### WORK INSTRUCTIONS
An exact transcription of all the records below is required, without any images.

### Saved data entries
_ _ _
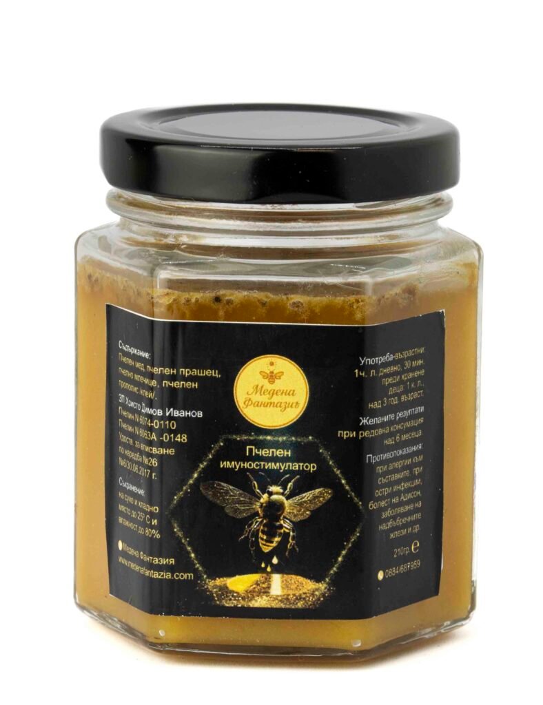 Пчелният имуностимулатор е натурална комбинация от ценни пчелни продукти, създадена да подпомага естествените защитни сили на организма. Формулата обединява силата на меда, прополиса, пчелния прашец и пчелното млечице – съкровища от кошера, използвани от векове в природната грижа за здравето.
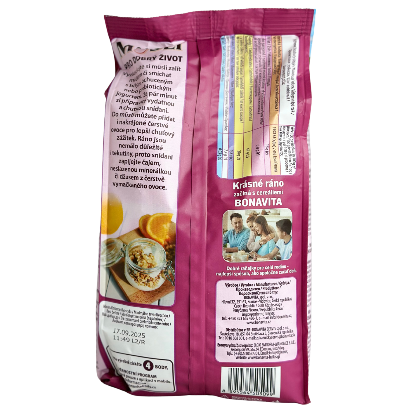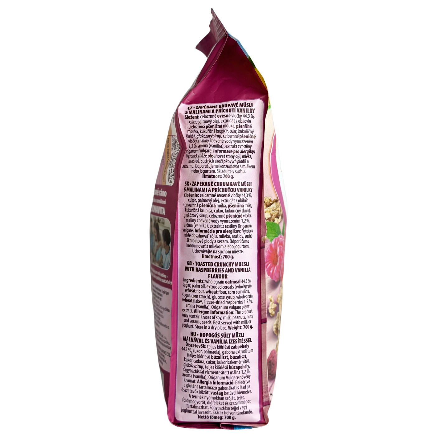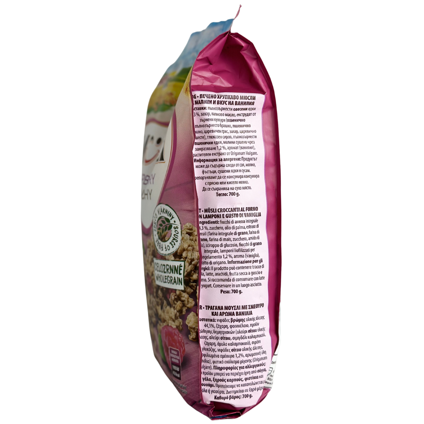 Хрумкі запечені мюслі з малиновими кранчами. Основа з цільних злаків і вівсяних пластівців є джерелом харчових волокон і забезпечує тривале відчуття ситості, а малинові кранчі додають приємну ягідну кислинку та насичений смак. Завдяки запіканню мюслі мають хрумку текстуру. Можна заливати як молоком так і йогуртом.
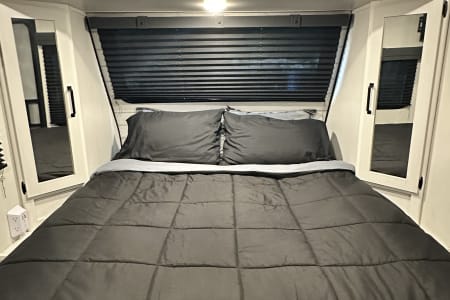 The spacious queen bed runs north and south. Climb in and out of bed on each side (no climbing over your partner to get out of bed), and dinette turns into a single bed (all bedding, pillows, and extra blankets included).
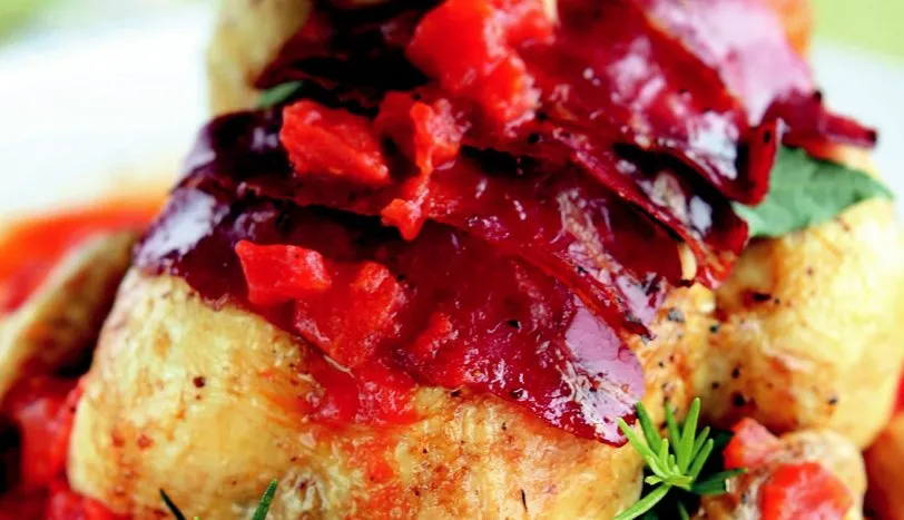 Tavuğu ocakta ütüledikten sonra yıkayın ve fırın tepsisine yerleştirin. Üzerine küçük parçalar halinde kestiğiniz tereyağı parçaları koyun. Sarmısakları bütün olarak içine yerleştirin. Önceden ısıtılmış 210 derece fırında arada bir kontrol ederek kızarana kadar pişirin. Üzerine pastırmaları sıralayın ve 10 dakika daha pişirin. Fırından alın ve servis tabağına yerleştirin. Üzerini defne yaprağı ve biberiye ile süsleyin. Domates sos için kabukları soyulmuş ve küp doğranmış domates ve sarmısağı sıvıyağda soteleyin. Üzerine ince kıyılmış sivri biberi ekleyin ve 1-2 dakika daha pişirin. Tavukla birlikte sıcak servis yapın.
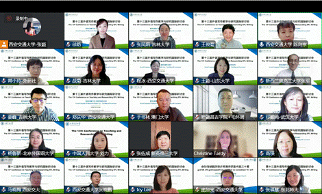 重庆大学团队做了题为“基于PBLL的大学英语写作教学模式构建”的展示,介绍了PBL实践教学的理据、分类、项目实施和评价标准,项目驱动的模型及教学设计案例,以及PBL教学的方法和发现,分享了跨学科的学术素养培养的重要性及合作教学的方法和感悟;吉林大学团队做了题为“Four cases of teaching English writing online: Pedagogical principles, course design and teaching practices”的展示,分享了在线教学的理论与实践,回顾了学术英语写作文献并展示了学生的文本,指出了线上写作存在的问题,并介绍了阶段性写作任务,提出了基于题材的教学方法。本场团队展示由西安交通大学张晓鹏教授主持。
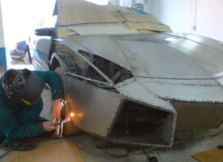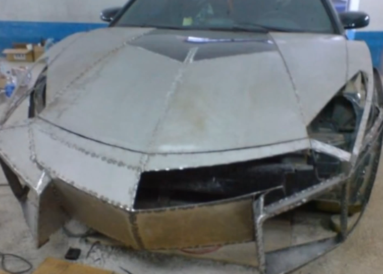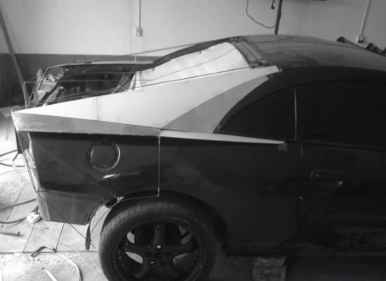スレッド「安い自動車をランボルギーニに進化させた男」より。とある外国人が2003年製の三菱エクリプスの外側だけをランボルギーニに改造し海外で大いに話題となっている。
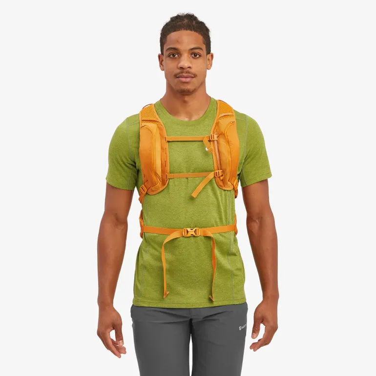 Easy-to-access and adaptable storage includes wrap-around pockets, the modular Montane T-Hook system, and a stretch mesh front pocket, for fuel, drinks and spare layers. Vertical and horizontal compression straps secure the load, while the T-Hook system can be configured to carry walking poles in the mode that best suits your activity, whether you’re running your favourite trail, or fast packing off the beaten track.
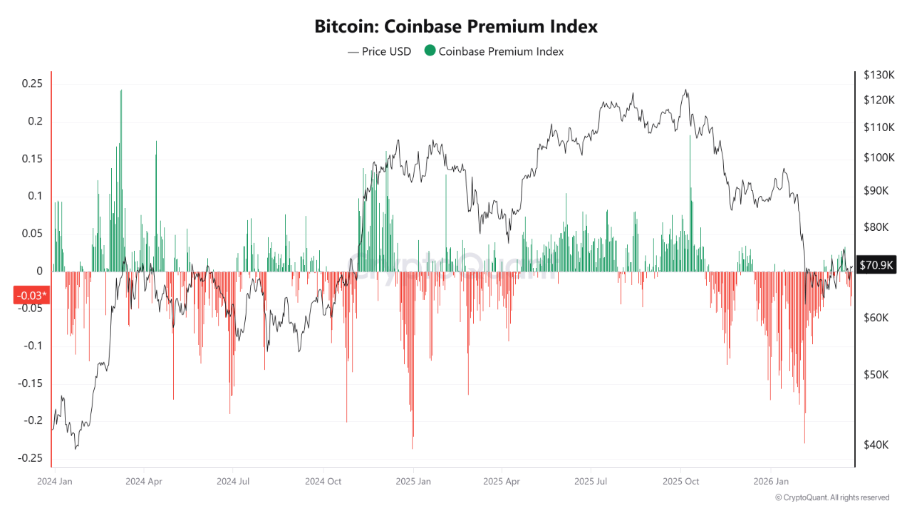 Os dados on-chain apoiam essa tendência. O Prêmio Coinbase tem permanecido instável, sugerindo que a demanda à vista liderada pelos EUA não se recuperou amplamente. Isso indica que, enquanto um grande player específico está apoiando o mercado, a demanda geral carece de profundidade e distribuição.
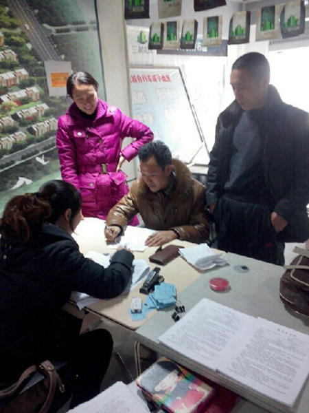 (圖:宿遷公司員工在三樹(shù)新城現(xiàn)場(chǎng)為客戶(hù)簽合同)
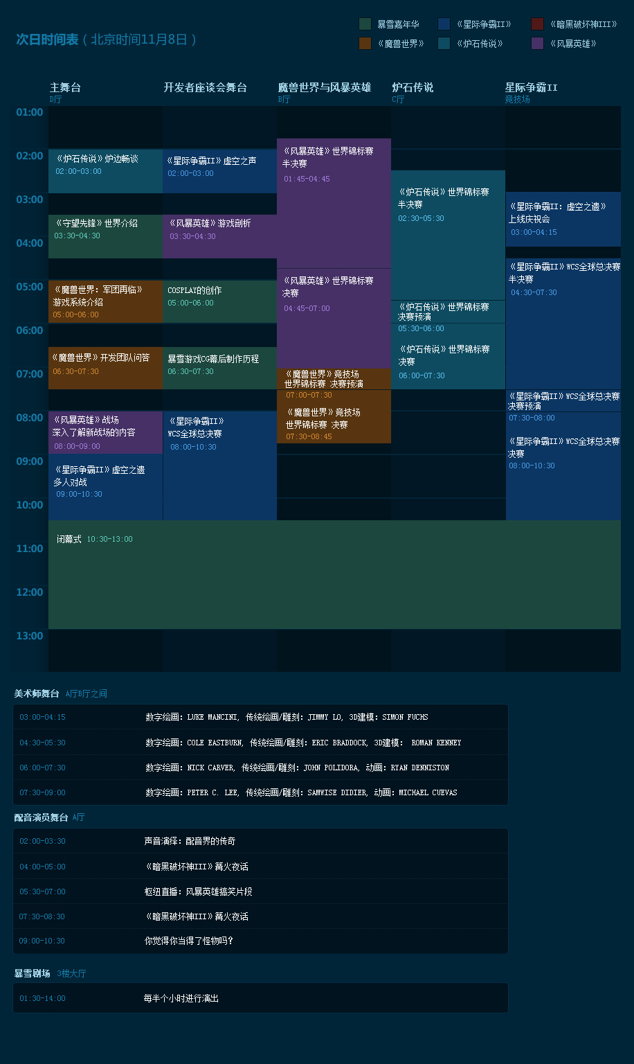 是时候计划一下2015暴雪嘉年华的安排了!我们刚刚发布了今年的活动排期,其中你可以看到将在北京时间11月7日及8日举行的各个展台的活动,我们还发布了一张展厅平面图来帮你了解整个楼层展厅的分布情况。看看暴雪嘉年华都有哪些活动吧:
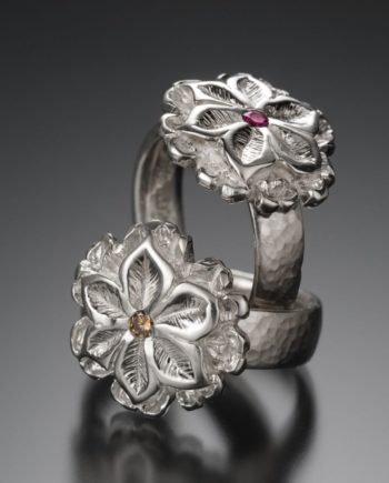 Handcarved Poinsettia Ring with 2mm Cognac Diamond or Ruby
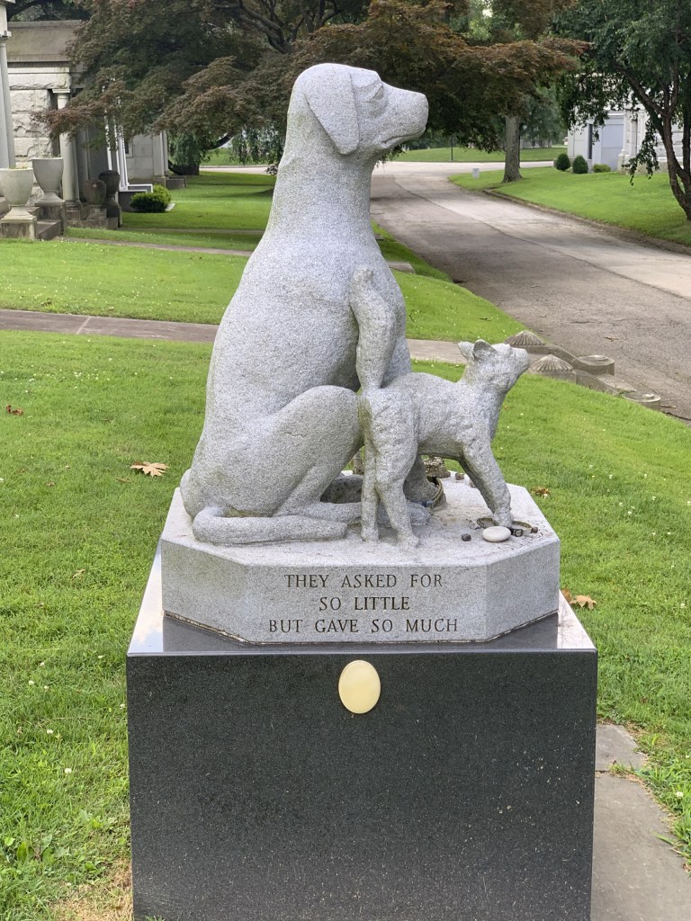 In West Laurel Hill Cemetery in Bala Cynwyd, a suburb of Philadelphia, stands the monument of Lee A. Holloway. Above the inscriptions, “More than just friends,” and “They asked for so little but gave so much,” stand the sculpted granite figures of a cat and a dog.
_ _ _
### FINAL ANSWER
 Пчелният имуностимулатор е натурална комбинация от ценни пчелни продукти, създадена да подпомага естествените защитни сили на организма. Формулата обединява силата на меда, прополиса, пчелния прашец и пчелното млечице – съкровища от кошера, използвани от векове в природната грижа за здравето.
 Хрумкі запечені мюслі з малиновими кранчами. Основа з цільних злаків і вівсяних пластівців є джерелом харчових волокон і забезпечує тривале відчуття ситості, а малинові кранчі додають приємну ягідну кислинку та насичений смак. Завдяки запіканню мюслі мають хрумку текстуру. Можна заливати як молоком так і йогуртом.
 The spacious queen bed runs north and south. Climb in and out of bed on each side (no climbing over your partner to get out of bed), and dinette turns into a single bed (all bedding, pillows, and extra blankets included).
 Tavuğu ocakta ütüledikten sonra yıkayın ve fırın tepsisine yerleştirin. Üzerine küçük parçalar halinde kestiğiniz tereyağı parçaları koyun. Sarmısakları bütün olarak içine yerleştirin. Önceden ısıtılmış 210 derece fırında arada bir kontrol ederek kızarana kadar pişirin. Üzerine pastırmaları sıralayın ve 10 dakika daha pişirin. Fırından alın ve servis tabağına yerleştirin. Üzerini defne yaprağı ve biberiye ile süsleyin. Domates sos için kabukları soyulmuş ve küp doğranmış domates ve sarmısağı sıvıyağda soteleyin. Üzerine ince kıyılmış sivri biberi ekleyin ve 1-2 dakika daha pişirin. Tavukla birlikte sıcak servis yapın.
 重庆大学团队做了题为“基于PBLL的大学英语写作教学模式构建”的展示,介绍了PBL实践教学的理据、分类、项目实施和评价标准,项目驱动的模型及教学设计案例,以及PBL教学的方法和发现,分享了跨学科的学术素养培养的重要性及合作教学的方法和感悟;吉林大学团队做了题为“Four cases of teaching English writing online: Pedagogical principles, course design and teaching practices”的展示,分享了在线教学的理论与实践,回顾了学术英语写作文献并展示了学生的文本,指出了线上写作存在的问题,并介绍了阶段性写作任务,提出了基于题材的教学方法。本场团队展示由西安交通大学张晓鹏教授主持。
スレッド「安い自動車をランボルギーニに進化させた男」より。とある外国人が2003年製の三菱エクリプスの外側だけをランボルギーニに改造し海外で大いに話題となっている。
 Easy-to-access and adaptable storage includes wrap-around pockets, the modular Montane T-Hook system, and a stretch mesh front pocket, for fuel, drinks and spare layers. Vertical and horizontal compression straps secure the load, while the T-Hook system can be configured to carry walking poles in the mode that best suits your activity, whether you’re running your favourite trail, or fast packing off the beaten track.
 Os dados on-chain apoiam essa tendência. O Prêmio Coinbase tem permanecido instável, sugerindo que a demanda à vista liderada pelos EUA não se recuperou amplamente. Isso indica que, enquanto um grande player específico está apoiando o mercado, a demanda geral carece de profundidade e distribuição.
 (圖:宿遷公司員工在三樹(shù)新城現(xiàn)場(chǎng)為客戶(hù)簽合同)
 是时候计划一下2015暴雪嘉年华的安排了!我们刚刚发布了今年的活动排期,其中你可以看到将在北京时间11月7日及8日举行的各个展台的活动,我们还发布了一张展厅平面图来帮你了解整个楼层展厅的分布情况。看看暴雪嘉年华都有哪些活动吧:
 Handcarved Poinsettia Ring with 2mm Cognac Diamond or Ruby
 In West Laurel Hill Cemetery in Bala Cynwyd, a suburb of Philadelphia, stands the monument of Lee A. Holloway. Above the inscriptions, “More than just friends,” and “They asked for so little but gave so much,” stand the sculpted granite figures of a cat and a dog.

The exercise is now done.